**Task item:**
Retype the listing exactly; omit pictures.

**Provided information:**

────────────────────

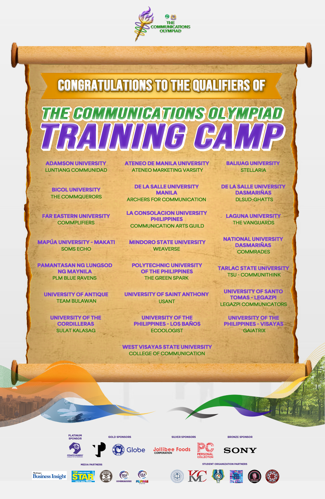 The Communications Olympiad is organized by IABC Philippines and the COMCO School of Communications, and sponsored by COMCO Mundo League of Enterprises, Globe Telecom Inc., Teleperformance Philippines, Jollibee Foods Corp., Personal Collection Direct Selling Inc., and Sony Philippines. Its official media partners include Malaya Business Insight, SEA Wave Pilipinas, SEAWaveMag.com, The Philippine STAR, and WhenInManila.com. The official student organization partners are the Arts and Sciences Society of English Majors from West Visayas State University, Kapunungan sa mga Mass Communicators – Silliman University, PLM Mass Communication Students’ League from Pamantasan ng Lungsod ng Maynila, Team Communication from De La Salle University, University of the Philippines – Baguio On MIC, and the West Visayas State University Communication Student Council.
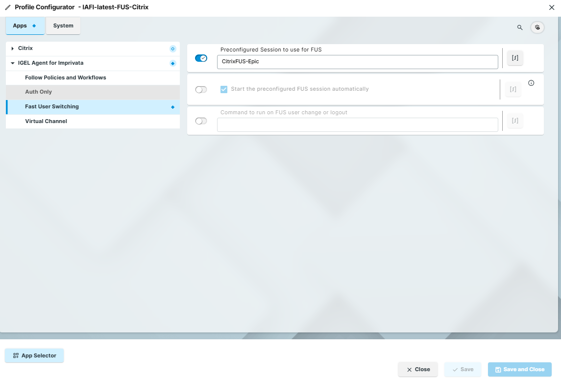 In the profile configurator, go to Apps > IGEL Agent for Imprivata > Fast User Switching.
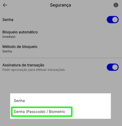 Depois, voltei para as Configurações clicando na engrenagem e vá em SEGURANÇA, digite sua SENHA de 6 dígitos e em MÉTODO DE BLOQUEIO, clique para alterar para SENHA (PASSCODE) / BIOMETRIC, aqui vai ativar a função de Biometria por Digital também (caso não use sua digital, não ative!)
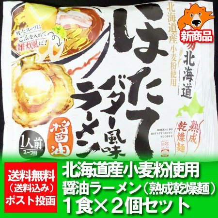 帆立 北海道 ラーメンお取り寄せ 送料無料 ほたて/ホタテ/帆立 バター 風味 ラーメン 乾麺 醤油味 1食入り×2袋 お取り寄せグルメ 海鮮 ラーメン ほたてバター
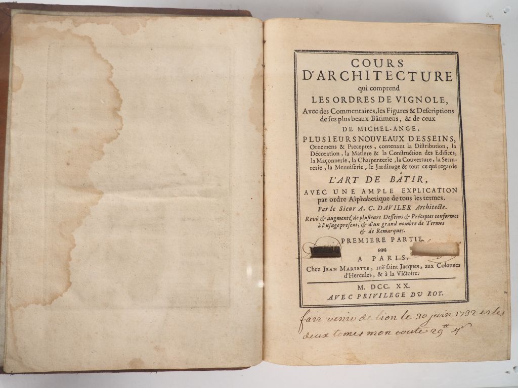 DAVILER (C.A.). Cours d'architecture qui comprend les Ordres de Vignole, avec des commentaires, les figures et descriptions de ses plus beaux bâtiments et de ceux de Michel-Ange… Paris, Mariette 1720. pt in-4. Rel. d'époque basane, dos lisse orné. Plus de 100 planches gravées, certaines doubles et dépliantes. Quelques déchirures restaurées. Ex. libris manuscrit découpé en p. de titre.
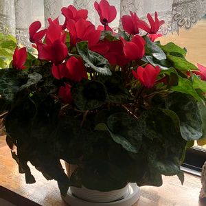 シクラメンさんがまた満開に🥰 アジサイさんとのコラボも珍しい💙❤️
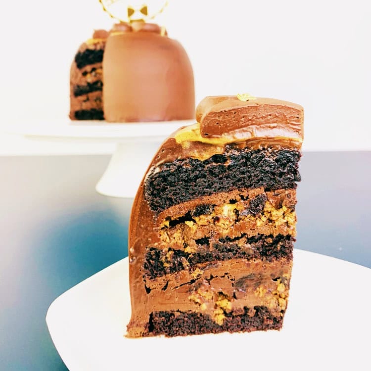 Inspired by the Korean craze #dalgonacoffeechallenge we created our very own Dalgona chocolate cake with extra goodies. Our signature moist chocolate cake loaded with fudgy dark brownies and chunks of Callebaut Gold caramel almond praline crunch and infused with shots of Davidoff Espresso inspired Dalgona cream. Dark and chocolatey.
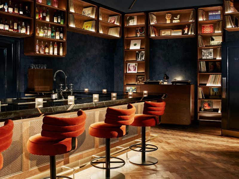 A subterranean cocktail bar, Black Lacquer, draws its inspiration in concept and name from vinyl records. The refined Japanese aesthetic of this space is informed by Tokyo’s music cultural scene with its famous ‘listening bars’. Here, its moody and intimate feel is achieved through dark upholstery and midnight blue wall finishes. Design details include polished plaster walls with grooves inspired by the music patterns on vinyl records, and the single-level bar enhances the connection between mixologist and guest, providing a sense of theatre to the art of cocktail making. The space includes three alcoves for intimate conversations, lit only by candlelight. Bespoke design is in abundance, from the curvilinear burnt orange bar stools to the high-level shelving that houses the vinyl record collection, wrapping the perimeter of the room.
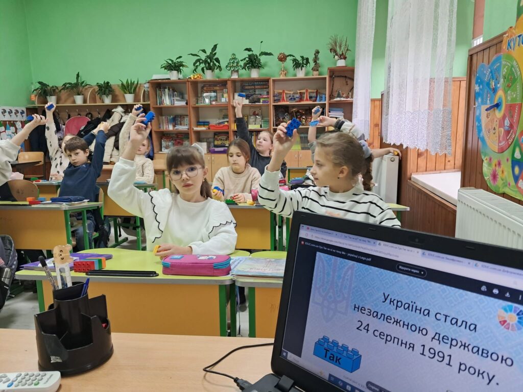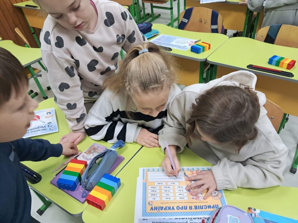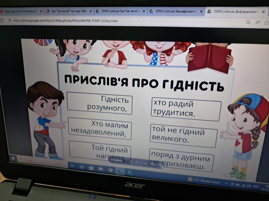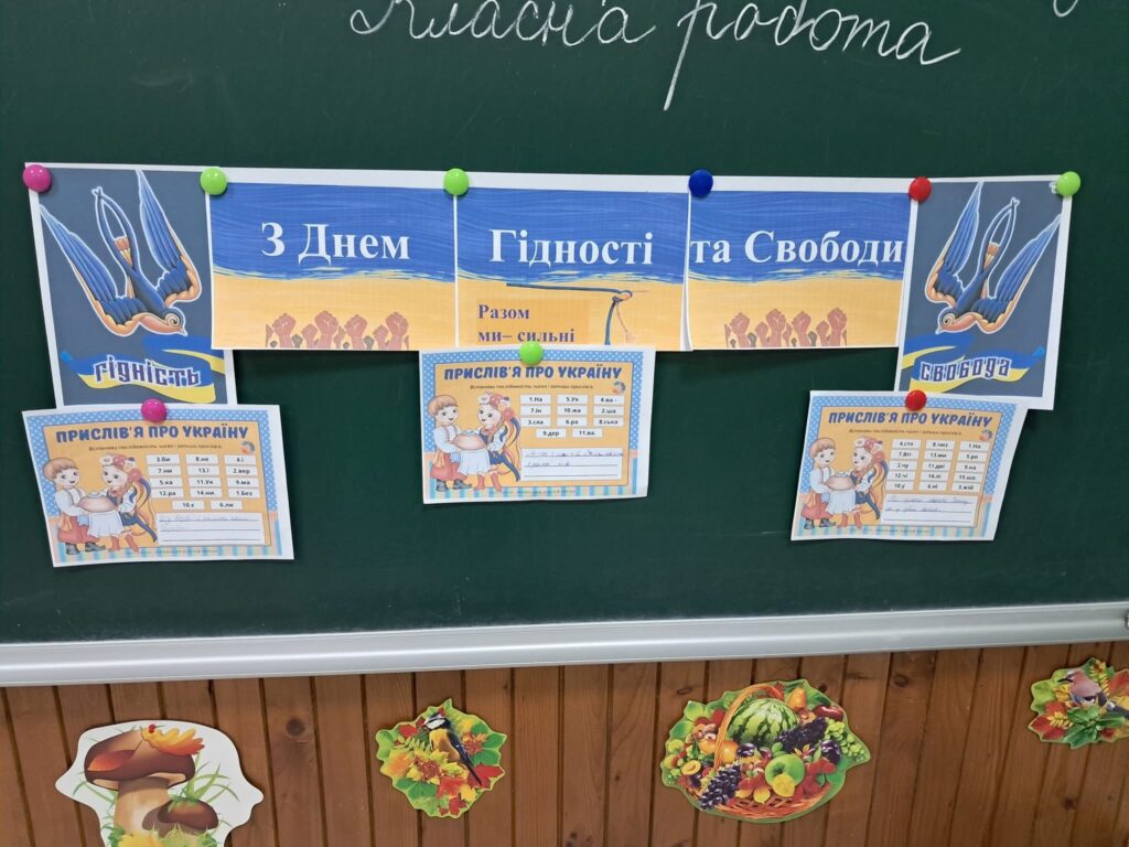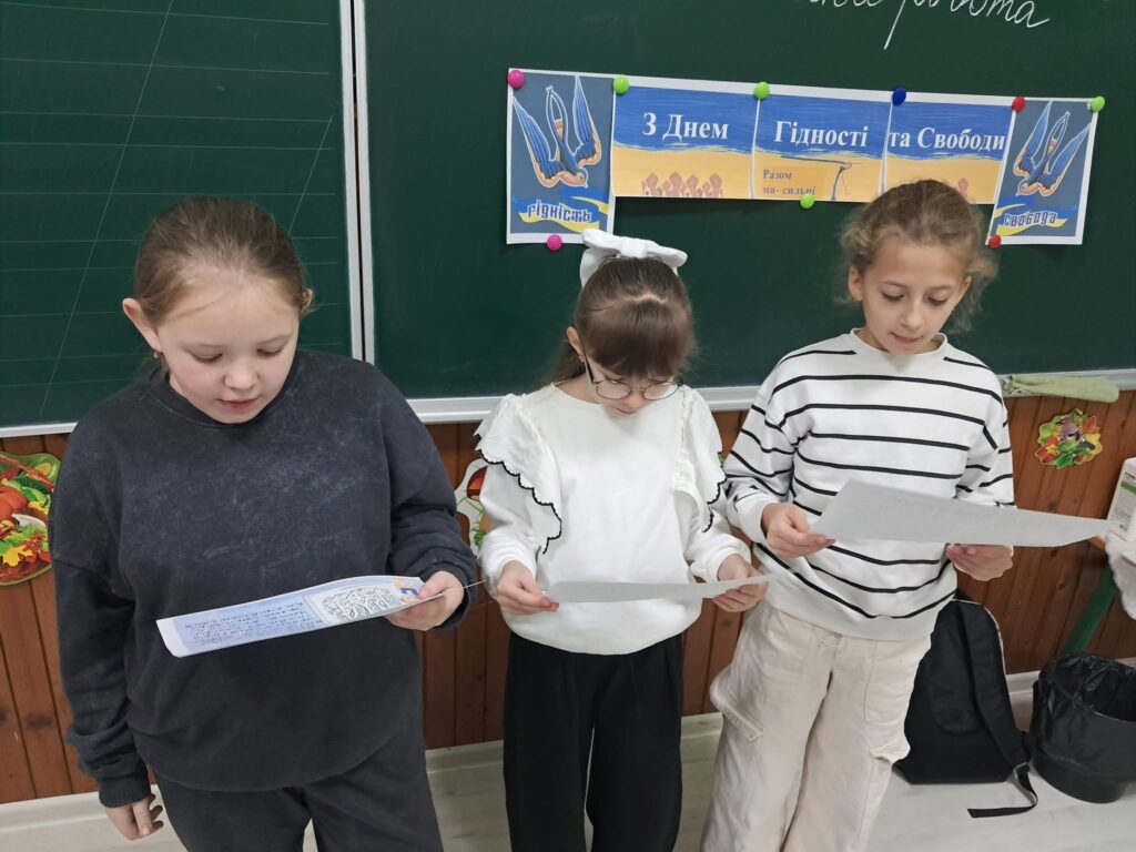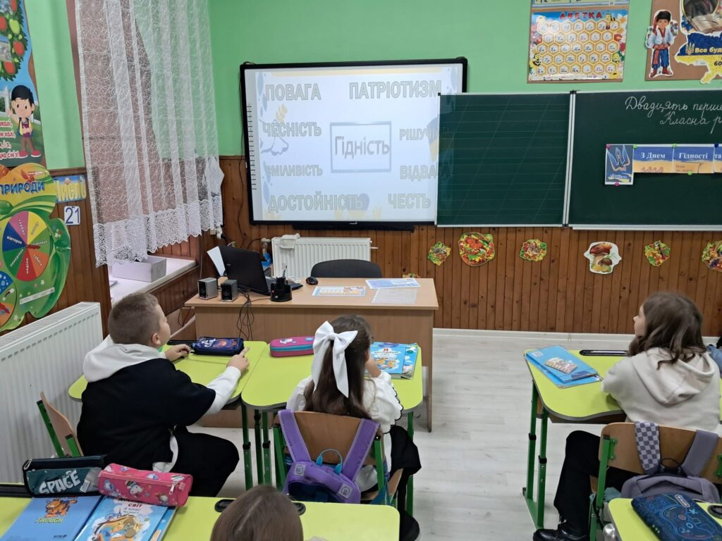 Діти переглянули пізнавальне відео про події, які стали символом мужності та незламності українського народу. Під час заняття школярі працювали з прислів’ями про гідність, свободу та повагу, обговорювали їхній зміст і значення в житті кожної людини.
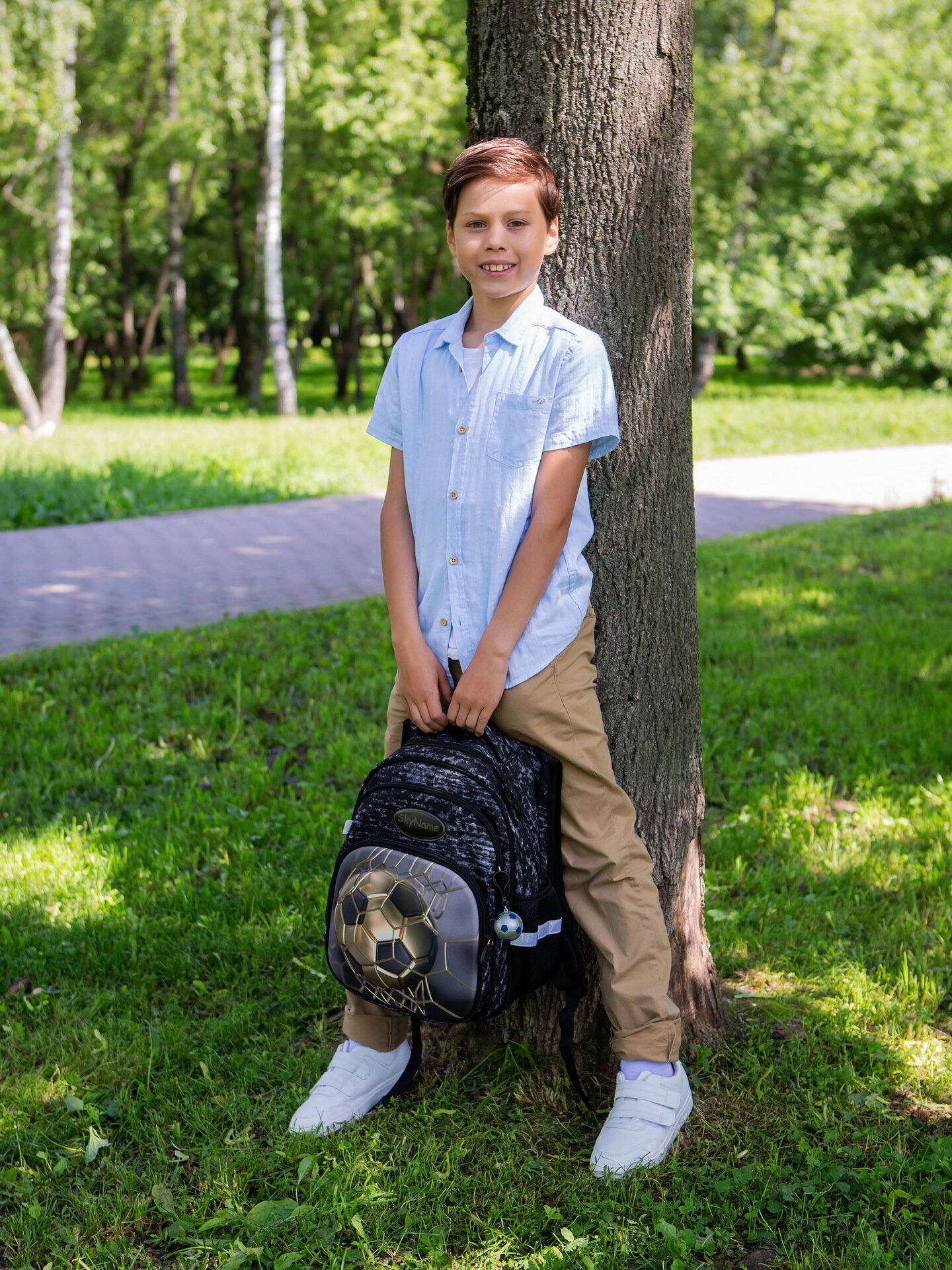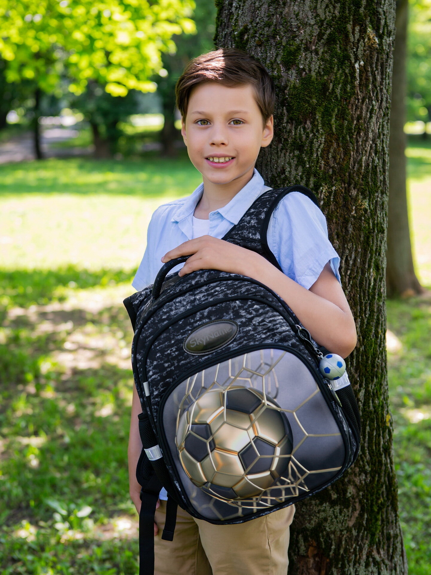 Купить Рюкзак школьный для мальчика 17 л с анатомической спинкой SkyName (СкайНейм), с мячиком на брелоке с доставкой по всей России.

────────────────────

**Answer to this problem:**
 The Communications Olympiad is organized by IABC Philippines and the COMCO School of Communications, and sponsored by COMCO Mundo League of Enterprises, Globe Telecom Inc., Teleperformance Philippines, Jollibee Foods Corp., Personal Collection Direct Selling Inc., and Sony Philippines. Its official media partners include Malaya Business Insight, SEA Wave Pilipinas, SEAWaveMag.com, The Philippine STAR, and WhenInManila.com. The official student organization partners are the Arts and Sciences Society of English Majors from West Visayas State University, Kapunungan sa mga Mass Communicators – Silliman University, PLM Mass Communication Students’ League from Pamantasan ng Lungsod ng Maynila, Team Communication from De La Salle University, University of the Philippines – Baguio On MIC, and the West Visayas State University Communication Student Council.
 In the profile configurator, go to Apps > IGEL Agent for Imprivata > Fast User Switching.
 Depois, voltei para as Configurações clicando na engrenagem e vá em SEGURANÇA, digite sua SENHA de 6 dígitos e em MÉTODO DE BLOQUEIO, clique para alterar para SENHA (PASSCODE) / BIOMETRIC, aqui vai ativar a função de Biometria por Digital também (caso não use sua digital, não ative!)
 帆立 北海道 ラーメンお取り寄せ 送料無料 ほたて/ホタテ/帆立 バター 風味 ラーメン 乾麺 醤油味 1食入り×2袋 お取り寄せグルメ 海鮮 ラーメン ほたてバター
 DAVILER (C.A.). Cours d'architecture qui comprend les Ordres de Vignole, avec des commentaires, les figures et descriptions de ses plus beaux bâtiments et de ceux de Michel-Ange… Paris, Mariette 1720. pt in-4. Rel. d'époque basane, dos lisse orné. Plus de 100 planches gravées, certaines doubles et dépliantes. Quelques déchirures restaurées. Ex. libris manuscrit découpé en p. de titre.
 シクラメンさんがまた満開に🥰 アジサイさんとのコラボも珍しい💙❤️
 Inspired by the Korean craze #dalgonacoffeechallenge we created our very own Dalgona chocolate cake with extra goodies. Our signature moist chocolate cake loaded with fudgy dark brownies and chunks of Callebaut Gold caramel almond praline crunch and infused with shots of Davidoff Espresso inspired Dalgona cream. Dark and chocolatey.
 A subterranean cocktail bar, Black Lacquer, draws its inspiration in concept and name from vinyl records. The refined Japanese aesthetic of this space is informed by Tokyo’s music cultural scene with its famous ‘listening bars’. Here, its moody and intimate feel is achieved through dark upholstery and midnight blue wall finishes. Design details include polished plaster walls with grooves inspired by the music patterns on vinyl records, and the single-level bar enhances the connection between mixologist and guest, providing a sense of theatre to the art of cocktail making. The space includes three alcoves for intimate conversations, lit only by candlelight. Bespoke design is in abundance, from the curvilinear burnt orange bar stools to the high-level shelving that houses the vinyl record collection, wrapping the perimeter of the room.
 Діти переглянули пізнавальне відео про події, які стали символом мужності та незламності українського народу. Під час заняття школярі працювали з прислів’ями про гідність, свободу та повагу, обговорювали їхній зміст і значення в житті кожної людини.
 Купить Рюкзак школьный для мальчика 17 л с анатомической спинкой SkyName (СкайНейм), с мячиком на брелоке с доставкой по всей России.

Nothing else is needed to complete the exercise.